As an undergraduate, Van Amson was the president of his first-year and sophomore classes, a varsity football and baseball player, a leader of Alpha Phi Alpha and an active member of the Black Students Organization. In addition to being a trustee emeritus, he remains connected to Columbia as a chair emeritus of the Columbia Alumni Association. He is also the director of Community Impact, a service organization that sends student volunteers into New York City neighborhoods, and has also been on the Columbia College Board of Visitors. Van Amson was honored with a 2000 John Jay Award for distinguished professional achievement, a 2009 Columbia Alumni Achievement Award and a 2013 Varsity C Alumni Athletic Award.

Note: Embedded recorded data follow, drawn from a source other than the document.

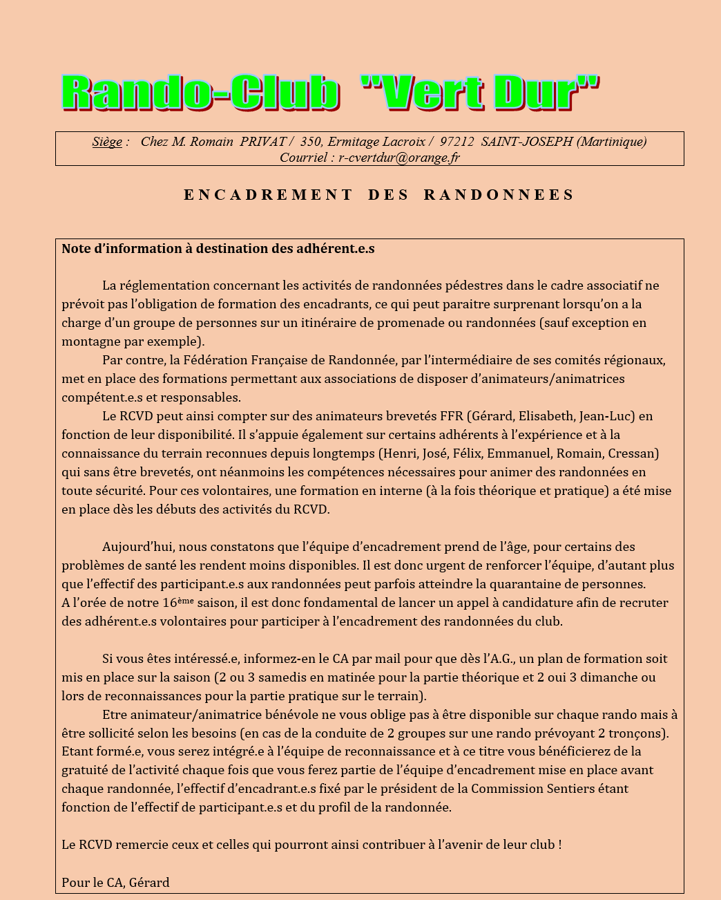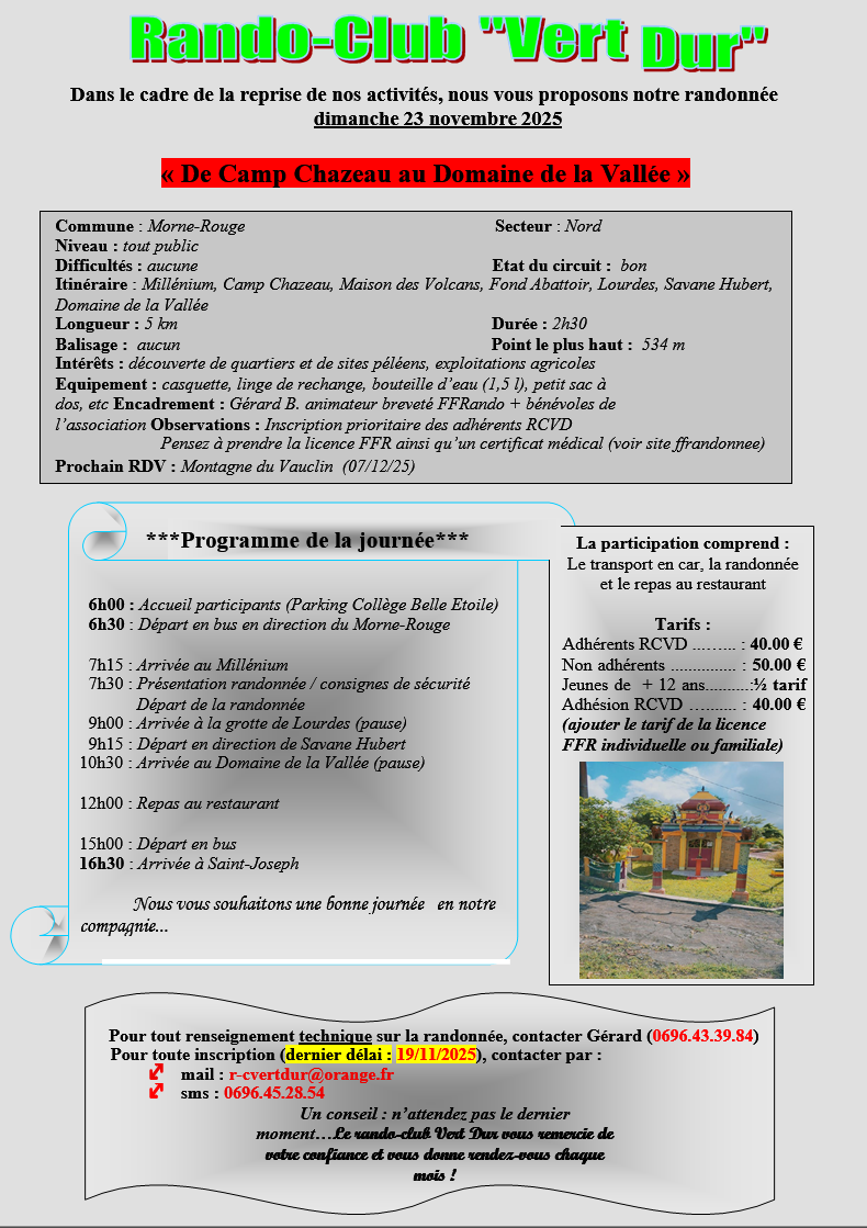 Suivant le voeu émis lors de la préparation du planning de la saison par plusieurs d'entre vous de se rencontrer au restaurant à l'occasion de sorties - celle de Sainte-Marie la saison dernière reste encore dans les mémoires...-, nous vous avons donc concocté un programme qui devrait en satisfaire plus d'un : balade dans les quartiers du Morne-Rouge avec repas au Domaine de la Vallée !
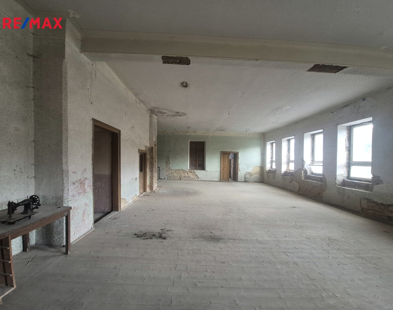 V 1. patře o celkové výměře 217 m2 se nachází bývalý taneční sál s pódiem. Na sál navazuje bývalý výčep, šatna a původní sociální zařízení.
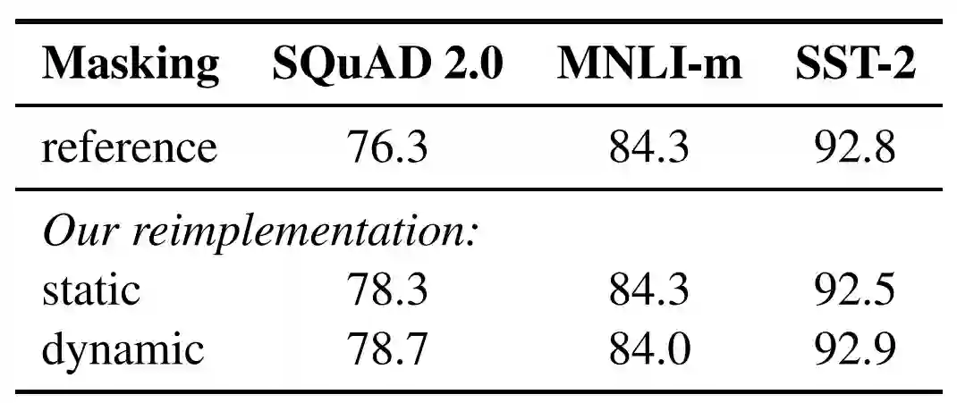 BERT 依赖随机掩码和预测 token。原版的 BERT 实现在数据预处理期间执行一次掩码,得到一个静态掩码。Facebook 研究者将该策略与动态掩码进行比较,动态掩码即,每次向模型输入一个序列时都会生成掩码模式。在预训练进行更多步或使用更大的数据集时,这点变得尤其重要。
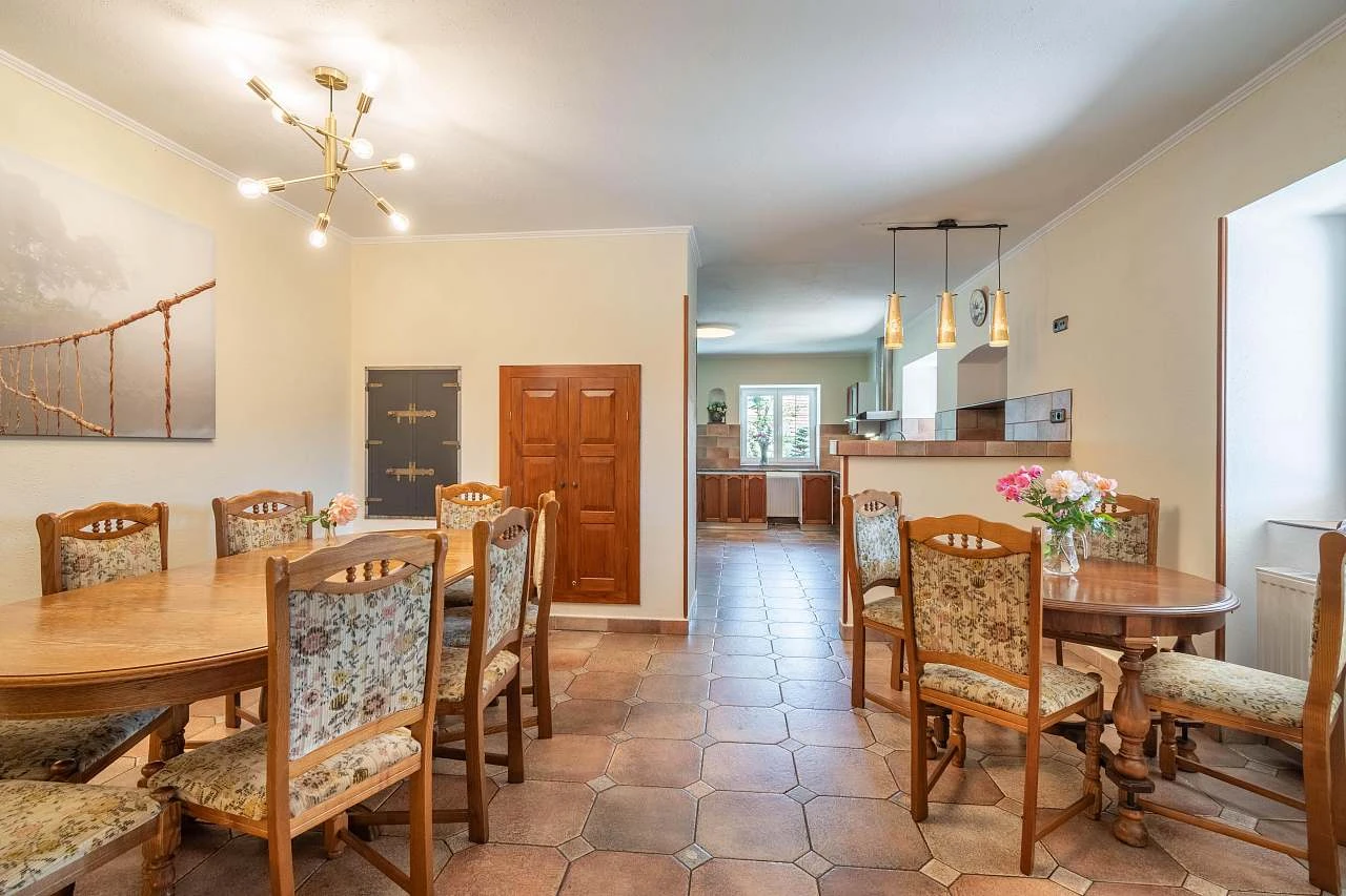 Rekreační dům k pronajmutí poskytuje ubytování pro 6 až 30 osob v 9 ložnicích.
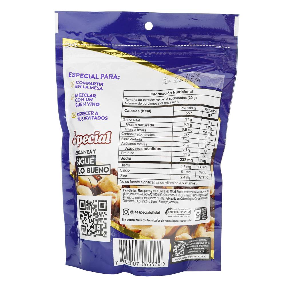 Descubre el Pasabocas Especial Mix Pasas de La Especial, una deliciosa combinación de frutos secos y deshidratados que te ofrece un sabor inigualable. Este producto, presentado en un práctico paquete de 180 g, es ideal para quienes buscan un snack saludable y nutritivo en cualquier momento del día.
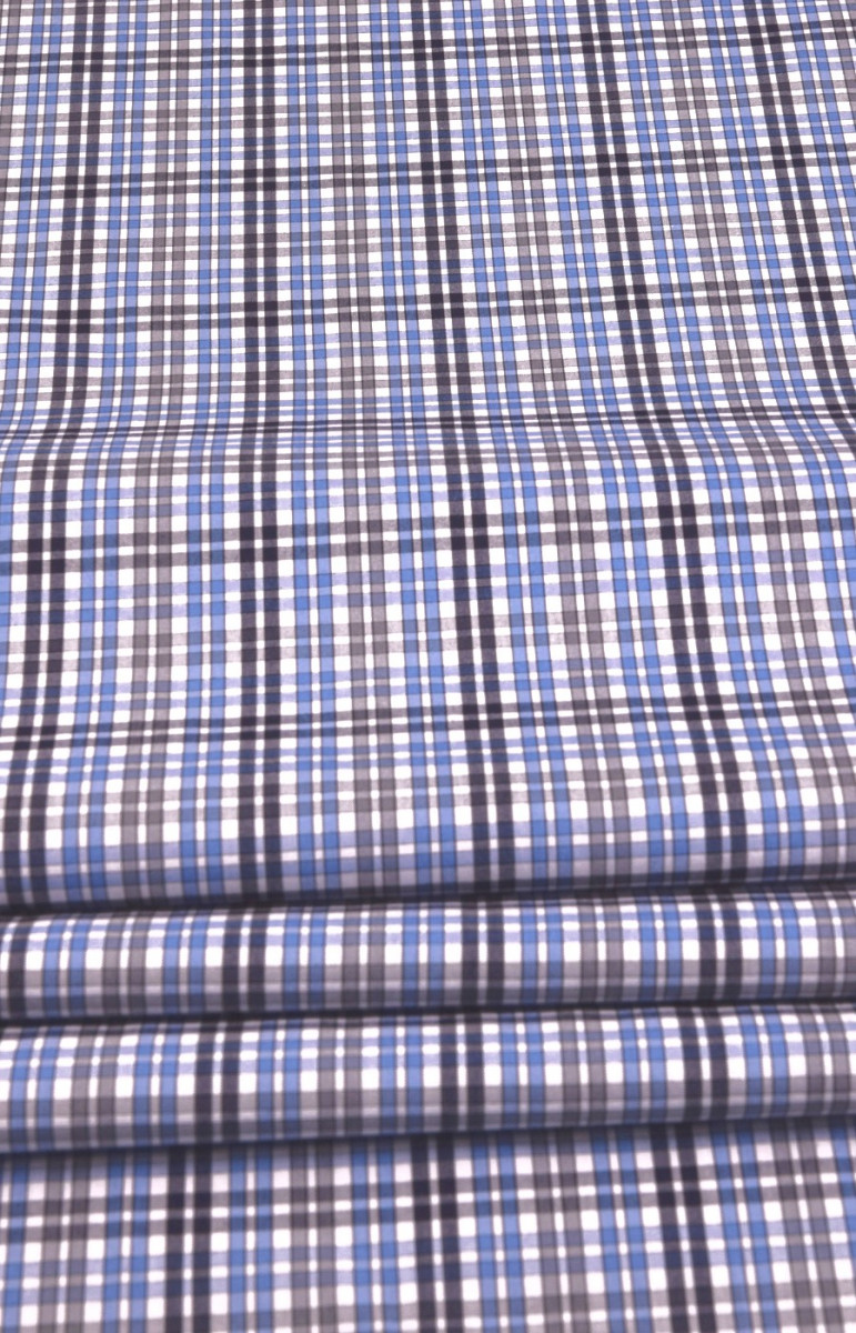 Camisa de algodón con cuadros finos blancos, grafito y azules es 100% natural, reciclable. La ropa hecha de ella es perfecta para los días calurosos. Lo recomendamos para coser camisas, blusas, vestidos o faldas.
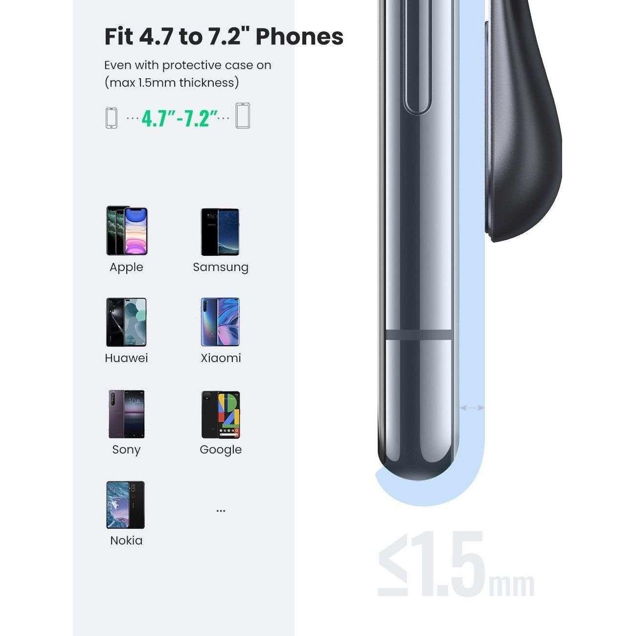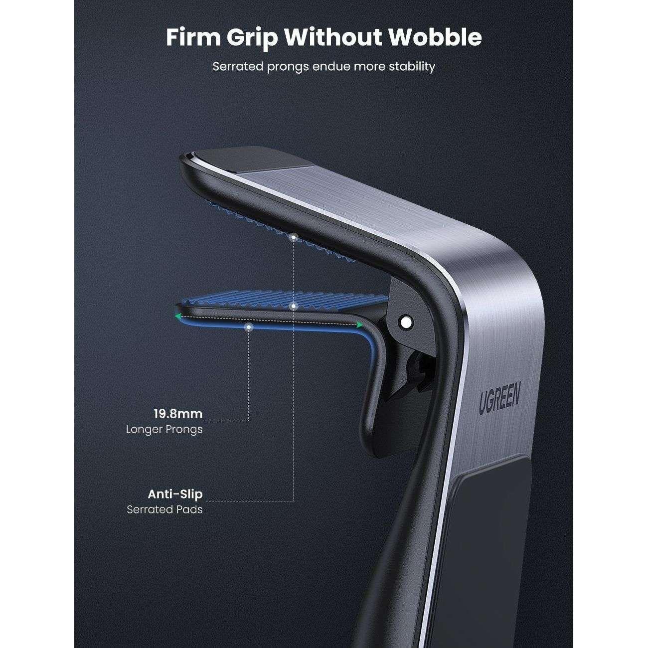 UGREEN Magnetic Air Vent Car Mount features powerful neodymium magnets(5 ×N52 magnets), longer serrated prongs(19.8mm), aluminum unibody, and anti-slip rubber cushions. The Magnetic Car Clip Phone Holder attaches to the air vents tightly and holds the phone in place even on bumpy roads or sudden braking, offering incredible stability and safety. Two different magnet metal plates can be chosen based on the road conditions and your phone\'s size.
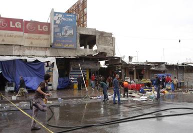 به گزارش رویترز، به گفته مقامات امنیتی بر اثر انفجار دو بمب در شرق بغداد دست کم 23 تن کشته و 50 تن دیگر زخمی شدند. اولین انفجار در محله شیعیه نشینی در بغداد رخ داده است و انفجار دوم در بازار شلوغ منطقه شورجه اتفاق افتاده است.در انفجاراول یک بمب گذار انتحاری با بستن کمربند انتحاری در داخل یک رستوران در محله ای شیعه نشین خود را منفجر کرد و 12 تن کشته شدند. انفجار دوم در بازاری شلوغ در منطقه شورجه منجر به کشته شدن 10 تن شد. عکس های رویترز از این انفجارهای خونین را در زیر می بینید.

After receiving the Hamilton Medal, Van Amson gave a rousing speech that referenced the power and reach of the Lions community (“in every room where it happens”); his deep gratitude for the opportunities and experiences the College provided; and his commitment to encouraging those same rewards to future generations of Columbians.

“Columbia offered me a diversity of experiences, planting in me a better understanding of equity, and made me feel absolutely included,” he said. “And from the outset, Columbia affirmed me by positive action. I am grateful. I am grateful that, in 1969, the educators and administrators of Hamilton Hall and Low Library had been increasingly awakened, awoken, woke, to the foundational importance and urgency of diversity, of equity, of inclusion. And to act affirmatively in providing opportunity.

“That opportunity, that chance, gave me my life. In the quiet moments of solitude and thought, I pray that every young person has that same opportunity, so that the kids from Watts or Washington, D.C., the girl from Jacksonville or Jamaica, Queens, the boy from Richmond or Roxbury, the youngsters from Bed-Stuy or Birmingham, can one day stand in this magnificent rotunda of Low Memorial Library with hearts and minds enlarged by education and give thanks, much like a kid from the Bronx.”